The Clowns
Given the “Carnival Of Life” theme that always pervaded Federico Fellini’s work—his life as an artist almost literally takes the form of a three-ring circus in his autobiographical masterpiece 8 1/2—it was, as Fellini himself admits, inevitable that he would devote an entire movie to the subject. Produced in 1970 for Italian television, The Clowns is a loose, semi-experimental/semi-documentary/semi-fictional essay on circus jesters, their presence in the culture, and their profound affect on Fellini’s way of thinking. Though nowhere near as radical as Orson Welles’ F For Fake three years later, the film fiddles with the form in similarly libertine ways, zipping back and forth in time, bringing Fellini and friends into the picture, and incorporating vast chunks of a real big-top performance. It feels haphazardly conceived and rudderless at times, but it’s a fine supplement to Fellini’s filmography, pulling back the curtain on his favorite cinematic metaphor.
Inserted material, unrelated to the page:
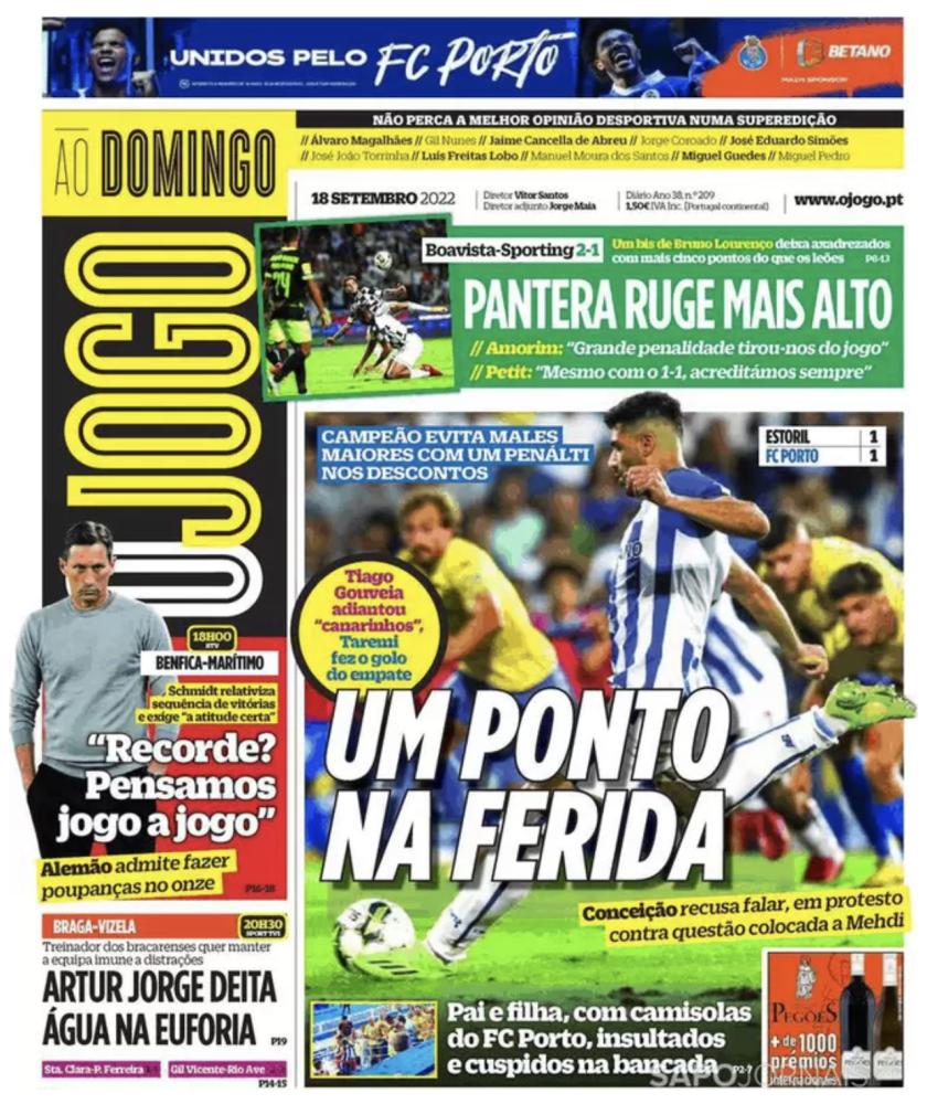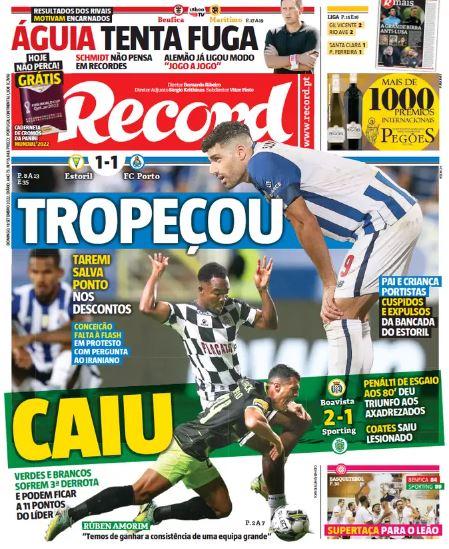 Il Porto non va oltre l'1-1 sul campo dell'Estoril, lo Sporting CP cade in casa del Boavista. Uno è "inciampato", l'altro è "caduto", come si legge nel titolo di Record. A Bola dedica l'apertura alla sconfitta del sodalizio di Lisbona: "Boavistao", si legge. "Un punto nella ferita", è infine il titolo di O Jogo su Estoril-Porto.

The dreamlike opening shows young Fellini peering out of his bedroom window late at night, as workers labor to hoist a large circus tent. His boyish excitement and wonder are palpable, but when the action circles back to him later on, after we’ve seen several circus acts perform, Fellini reveals a surprising ambivalence about clowns. Between their chalked, ghastly, drunken faces and “atrocious” gags, the clowns frighten and repel him even as he’s drawn to the circus itself. From there, The Clowns launches into seriocomic vignettes about “clowns” in other villages, like a foot-tall nun or a mentally disturbed person who can recite every Mussolini speech verbatim. The hall-of-mirrors effect intensifies when the real Fellini shows up to ruminate as a camera crew trails him, and Geraldine Chaplin and La Dolce Vita goddess Anita Ekberg turn up for appearances.
The most compelling scenes in The Clowns are simply performers performing: Fellini stations his camera like a front-row spectator and watches the circus play out in a compressed rush, with strongmen, lion-tamers, and goofs all getting their few minutes. The director’s philosophical connection to his subject is obvious to anyone even casually interested in his features, and the tone he takes here is familiar, oscillating between harried and whimsical on one end, and sentimental on the other. But The Clowns feels slight, intermittently beautiful—composer Nino Rota does particularly supple work here—but too much like a man writing his own footnotes.
Key features: The Clowns is spine number 001 for Raro Video USA, and the company has set the bar Criterion-level high. The packaging includes a 50-page booklet with Fellini’s notes and drawings on the film, and the two main supplements—an illuminating 45-minute visual essay by film historian Adriano Aprà and “Matrimonial Agency,” a 16-minute Fellini short extracted from the 1953 anthology film Love In The City—are equally generous.